One consideration in more security-conscious times is disaster recovery – how a company gets up and running again after fire, theft, power cut, natural disaster, terrorist attack or other 'act of God'.

Aydin Kurt-Elli, CEO of business ISP Lumison which offers automated remote back-up with storage at a secure data centre in Scotland, told silicon.com his customers want to know their data is held away from higher-risk areas.

"We are certainly pitching Scotland more these days as a non-tactical site. London and the M4 corridor is a more likely target than us Scots," he said.

Others are looking at destinations such as Iceland and Sweden which offer geographic distance and perceptions of security and neutrality.

Eran Farajun, executive vice-president of back-up company Asigra, told silicon.com: "People are starting to realise they need to get their data off site." He said interest in Iceland as a "data haven" is growing rapidly. The island has excellent fibre connectivity, sitting as a hub for transatlantic cables and offers political stability and strong data protection laws.

As well as geographical security, human error also becomes a factor with traditional tape back-ups – everything from the tapes being kept on-site, beside the device they're backing up to tapes getting lost.

Most recently there was scandal at Bank of America, with the bank admitting it had lost more than one million customer account details when back-up tapes went missing in transit.

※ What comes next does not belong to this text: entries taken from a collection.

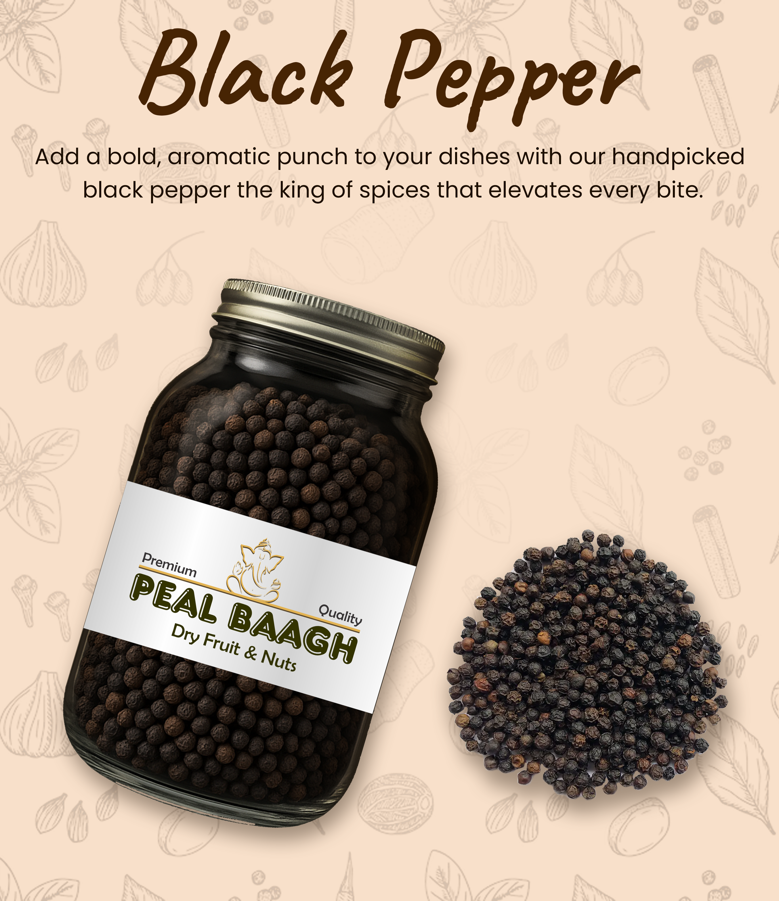 Premium quality black pepper with sharp aroma and strong pungency. Perfect for seasoning, spice blends, and medicinal uses.
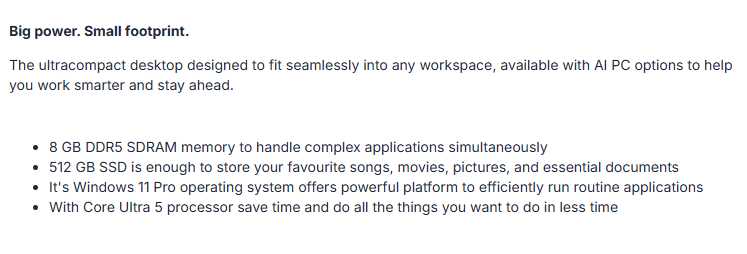 Dell BTP102_QCM1250_AU, Pro Micro QCM1250, Intel Core Ultra 5-235T, 8GB DDR5 RAM, 512GB SSD, Keyboard+Mouse, Wireless AX+Bluetooth, Windows 11 Pro
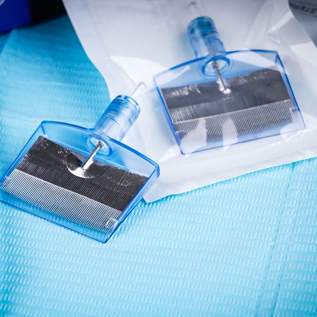 There are four special elastics hold on a rebound that lighten the pressure of the needle bar, working silence. The frame is made of PC polycarbonate, Polycarbonate is colorless, transparent, heat resistant, impact resistant, flame retardant, BI grade, and has good mechanical properties at normal use temperatures. From the outer needle shell to the needle thread, and even every part, we have carried out layer screening and testing to make a needle run smoothly, save more ink, fast color, low skin loss, and every detail is critical. The needles wire is fixed by fogging and discharging needles, plastic sets, and precise models, which greatly reduces the welding process, thus avoiding the chemical pickling process and ensuring the safety and hygiene of each needle wire. The design of the ink guide groove is added under the needles nozzle to increase ink storage. The protruding part becomes the track when the needles are out. With the arc clamp limiter on both sides of the needles nozzle, the friction coefficient is reduced, the stability of the needle is increased and the smooth needle and ink flow are guaranteed. The design of secant needle is similar to each other. The stabilizing device of cross needle can make the needles run steadily and increase the ink storage at the same time. The radian of the front section of the arc-shaped needle nozzle is the same as that of the needle wire. Grinding design of the front end of the needle nozzle to increase ink storage and control color spillover.

Such a blunder suggests putting more distance between data and human error, if nothing else, is an essential improvement called for with back-up strategies.

Other apocryphal tales over the years include an oil drilling firm losing valuable data when a tape was dropped from a helicopter into the North Sea on its way to onshore storage.

Despite this, figures from Gartner reveal that 80 per cent of companies still back-up on a local device. Lumison's Kurt-Elli agreed that virtual back-up still needs a push to acquire mainstream presence and displace tape.

James Governor, analyst at Red Monk, told silicon.com tape is far from dead but like many technologies the issue boils down to how they are used.

"Tape is a sensible element of any disaster recovery. Bank of America wasn't a problem of tapes. It was a management failure. Tape works very well, as long as it is managed. Why not use a network to transport the data from one place to another, then store on tape at both ends?"

According to a Department of Trade and Industry report last year, one-third of all UK businesses and two-thirds of large businesses had a security incident that involved loss of data. Two-thirds of respondents reported taking more than a day taken to recover from their worst systems failure.

Red Monk's Governor added: "Organisations need to do a better job of analysing their data and working out what to store and where as part of an overall IT governance strategy, underpinning a wide range of business initiatives including compliance."

One of the greatest holes in corporate infrastructure is bored by the move to greater mobility.

Laptops take off-site have long been identified as a security risk but they can also pose a business risk if they are not backed-up.

Asigra's Farajun claims laptops are even becoming a 'kidnap' target with thieves aware they may well be able to ransom the data on the laptop.

"There are thieves out there who are now aware that the value of the data on that laptop may be worth far more money than they would get for the laptop," he said.

As such criminals are targeting laptops and then offering to sell them back to the victim at extortionate rates. The gamble they are making is that the laptop contains valuable data which hasn't been backed up in a while and that the company would rather pay-up than risk adverse publicity.

Farajun said a lack of regular presence in the office is no longer an excuse for failing to back-up data.

With remote back-up services available, from companies such as Asigra, "people can back-up their data in Starbucks if they want".